Secondary Effects
This article reports that the pandemic has altered how people use electricity. The peak morning use has shifted later (probably because people who no longer have to travel to their workplace can get up earlier), they shower less, and the stream video way more.
This article says that a lot of women didn’t get their cervical cancer screening during the pandemic: ~40% fewer got tested in 2020 than in 2019. Now they are all trying to get it done, and that’s causing backlogs. Furthermore, there are staffing shortages and the labs have more work (from COVID-19 tests), so that was causing backups of like five months to get results back. The province recently switched to a different type of pap smear test which can get processed much faster; the article says that new pap tests are turning around in 20 days. (Unfortunately, the backlog of old tests is still going to take a long time.)
The article also says that BC Cancer is trialing an at-home cervical cancer test (verified by this website, which is also where you go to sign up).
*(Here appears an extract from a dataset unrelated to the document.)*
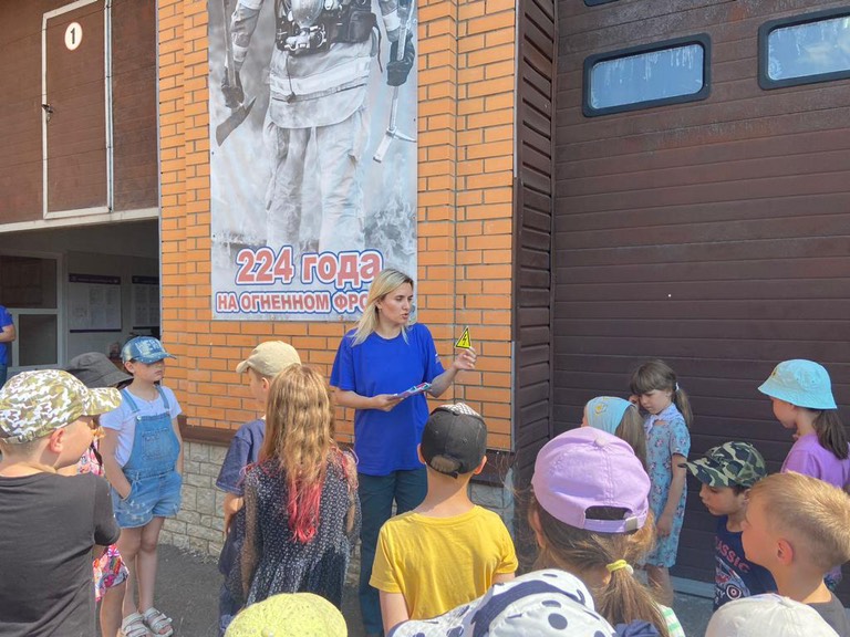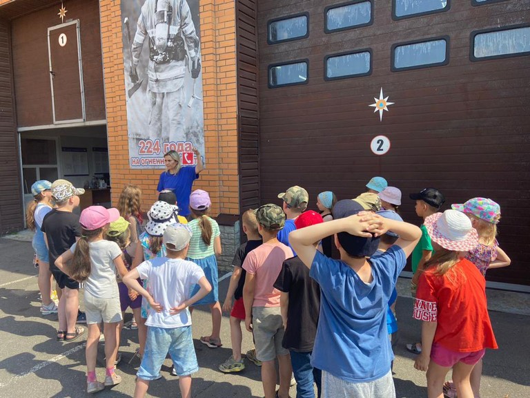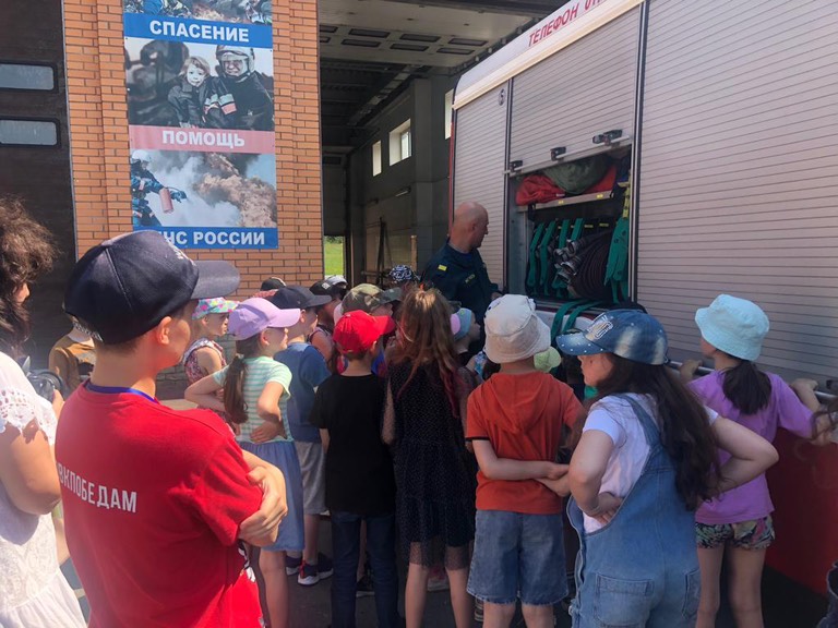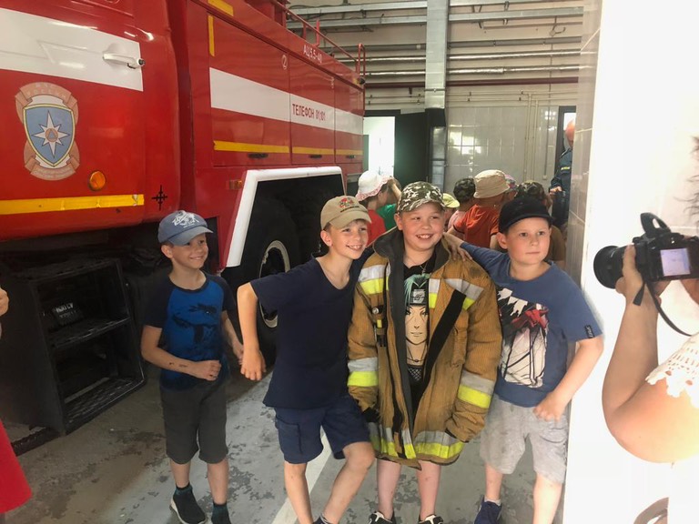 Сотрудники Гатчинского местного отделения ВДПО ЛО решили тоже предложить свои услуги детскому лагерю, пригласив ребят в пожарную часть города Гатчина. Чтобы совместить приятное с полезным — для детей была организована не только экскурсия с показом транспорта, но и проведена  интересная беседа по пожарной безопасности. Детям также  рассказали для чего нужна героическая профессия пожарного, мальчишки сразу сказали, что они тоже будут защищать людей от пожара. Да и девочки не отставали от ребят.

Not everybody can participate in the trial, only residents of Coquitlam, New Westminster, Port Coquitlam, Port Moody, Belcerra, Anmore, Earl’s Cove, Langdale, Madeira Park, Pender Harbour, Sechelt, Robert’s Creek, Gibsons, Pemberton, Port Alberni, Parksville, Qualicum Beach, Lighthouse Country, Coombs, Errington, and Nanoose Bay. (Yeah, okay, it’s not COVID-19, but it’s important and this is my blog, so there.)
Wastewater
Jeff has improved his charts to annotate when various things happened. The wastewater looks like it is spiking again, but that might be an artifact of more sensitive testing because they changed their testing strategy on 28 Feb. Who the hell knows?
It would have been nice if they could have given us data with the old way of measuring and the new way simultaneously so we could see how they compared. Sigh.